But that is only just the start of what could be achieved according to CEO John Teegan who is now seeking additional application areas for the company’s mixed-signal ICs and a possible IPO.
The company was founded in 2001 and is still privately held, but with unit shipments expected to be about 600 million units in 2016 it has clearly reached significant revenue and apparently with no direct competitors. That said at least one company, Anadigm Inc. (Mesa, Arizona) has been around for many years selling field programmable analog arrays.
Silego’s offering is based on a one-time-programmable mixed-signal function array approach to analog, timing, some digital and power integration. Over the last several years the company has based its offering on a series of base die integrating a number of analog and digital functions. When put together with design software this allows users to develop custom circuits that are then characterized by way of on-die antifuse switches. Even though functions are analog they can be trimmed and checked physically for suitability in rapid order.
Silego and its customers get economies of scale through foundry partner TSMC and its 0.18-micron CMOS process used for the chips. Standard processing and packaging keeps part costs down in the 30¢ range, while prototyping can be iterated over a few days and production reached in weeks, the company states.
From the system designers’ perspective one part can eliminate multiple discrete components from the bill of materials and save square centimeters of PCB real estate, while saving cost and time to market.
A timeline of CMIC devices. Source: Silego.
That may sound like an unstoppable win but it all depends on there being a CMIC base device that supersets the system designers’ requirement. Choosing the right set of resources to include on a die has been what challenged the traditional field programmable analog array (FPAA) market. However, with 1300 design wins to date claimed across about 13 base die and a total of 2 billion units shipped, it is clearly not a problem that has affected Silego.
It is also an argument that persuaded semiconductor industry veteran Mike Noonen to join the company as vice president of sales and business development earlier in 2016 (see Silego signs Noonen to drive sales, marketing).
CEO John Teegan explains that for the first six or seven years of its existence Silego was a supplier of silicon clock chips to the PC and notebook computer industries. But that in about 2007 it became clear that Intel was going to integrate that function out of existence and that Silego needed to find alternative business.
What it was able to do was use its knowledge of the PC motherboard and its CMIC approach to sweep up discrete analog and digital components and hit significant volume with customers that already trusted the company.

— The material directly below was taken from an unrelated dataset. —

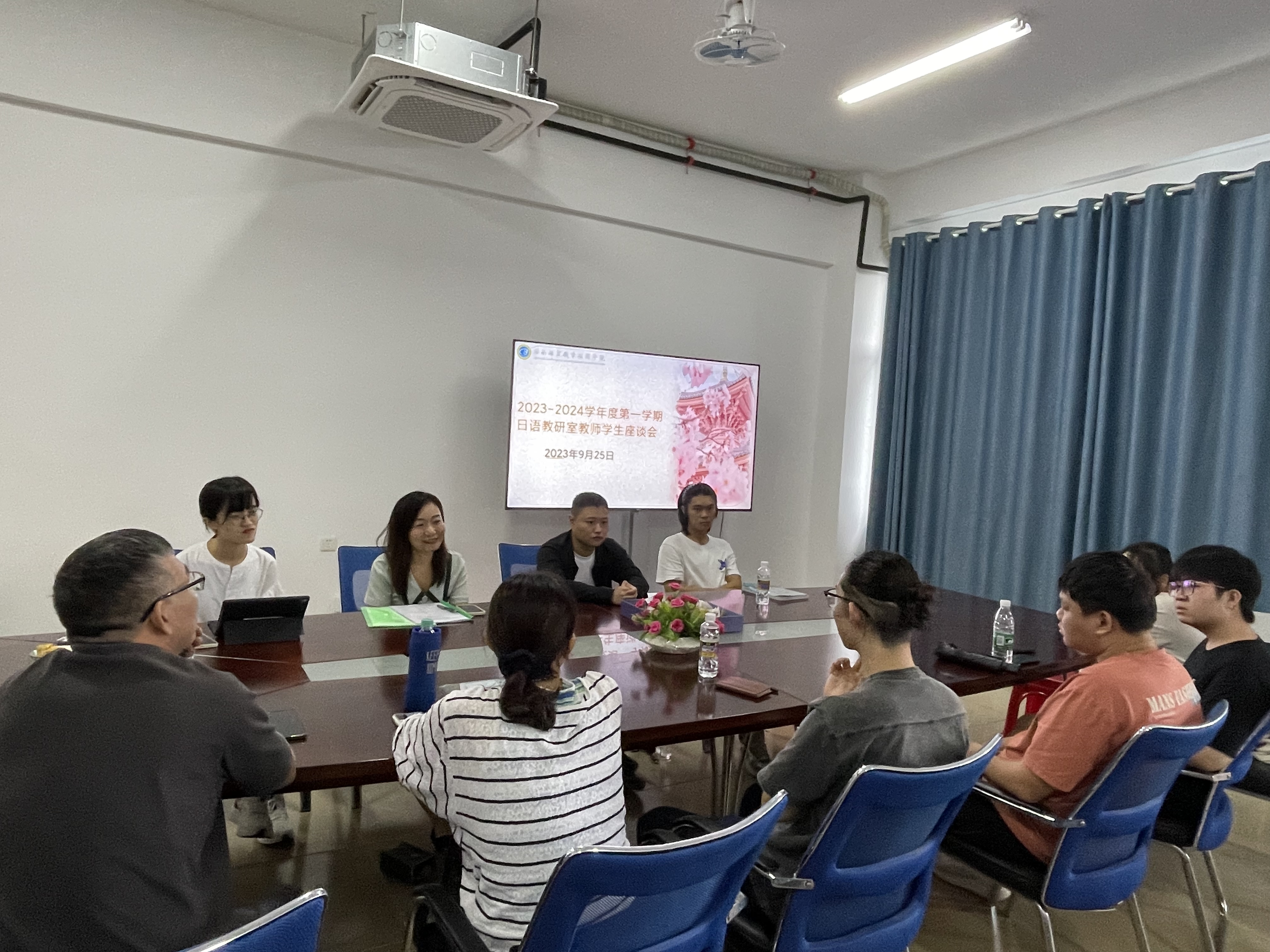 为了更好地贯彻“以生为本”的教育思想,多方面了解学生的学生的学习状况和思想动态,提升应用日语专业教学水平,2023年9月25日中午,应用日语教研室召开例行教学研讨会。会议以教师学生座谈会的形式召开,邀请了22级学生王丽、周纳川、先远志、郭伟峰、李育帆、王路凯一起进行座谈,通过一对一回答的形式,全方位地倾听学生的心声。日语专业负责人王耀义老师主持了此次会议。

As a result most of the company’s progress to date has been made in the notebook and tablet computer space.
The CMICs sits below the microcontroller and are “no-code” devices that include op amps, comparators, counters, ADCs, pulse width modulation, simple digital logic up to the complexity of an asynchronous state machine and in some case power transistors. No passives are included as such but trimming of circuits is possible in the development kit.
GreenFET, GreenCLK and GreenPAK devices provide integration below the level of software programmability. Source: Silego.
The functions that can be implemented are many: motor and fan control, power sequencing, LED control, system reset, sensor interfacing, port detection and many more besides.
“We’re in the bulk of notebook and tablet computers,” said Teegan. Softness in the computing market over the last couple of years may explain Teegan’s eagerness to get into other markets. “It’s still a couple of hundred million units per year,” Teegan responded. “We’re also in some smartphones.”
But Silego is applicable generally where customers want integration, differentiation and where size and form factor can be important, Noonen said. “So that is battery-operated applications, wearables, IoT industrial applications,” said Teegan. Automotive is another sector where the strategy could play, said Teegan. For now Silego lacks the automotive qualifications necessary to gain design wins but they will come in time.
The most recent addition to the family of CMICs is the GPAK 5, which has expanded the range with the addition of an I2C block. The GPAK 5 I2C enables designers to read and change device configuration, such as analog comparator thresholds, on the fly. The GPAK5 includes I2C, analog comparators, digital logic and timing, 25kHz, 2MHz and 25MHz oscillators, an 8-state state machine in a 20-pin packagage measuring 2mm by 3mm.
Silego is already working with the likes of Nvidia, Qualcomm, Broadcom and Ambarella to improve reference designs by sweeping up peripheral circuitry on those companies reference boards.
Further base die are coming in 2017 along with chip-scale packaging, Teegan said.
Noonen pointed out that the fragmented nature of IoT was a great opportunity for Silego to offer its configurability and that smartwatches, fitness bands and virtual reality are all places where PCB real-estate is at a premium.
He added that packaging is likely to be another differentiator for Silego going forward. To date the company has used standard packaging but the potential of using 2.5D and 3D multidie packaging to combine digital and Silego mixed-signal devices could clearly create value. Configuration ASICs for MEMS components is another area where Silego does not yet sell but may in the future, said Noonen.
Teegan said that Silego has annual revenues exceeding $60 million and the company has been profitable since 2013. It would seem that the only thing that might prevent an initial public offering of shares in Silego would likely be a pre-emptive trade acquisition in these consolidating times.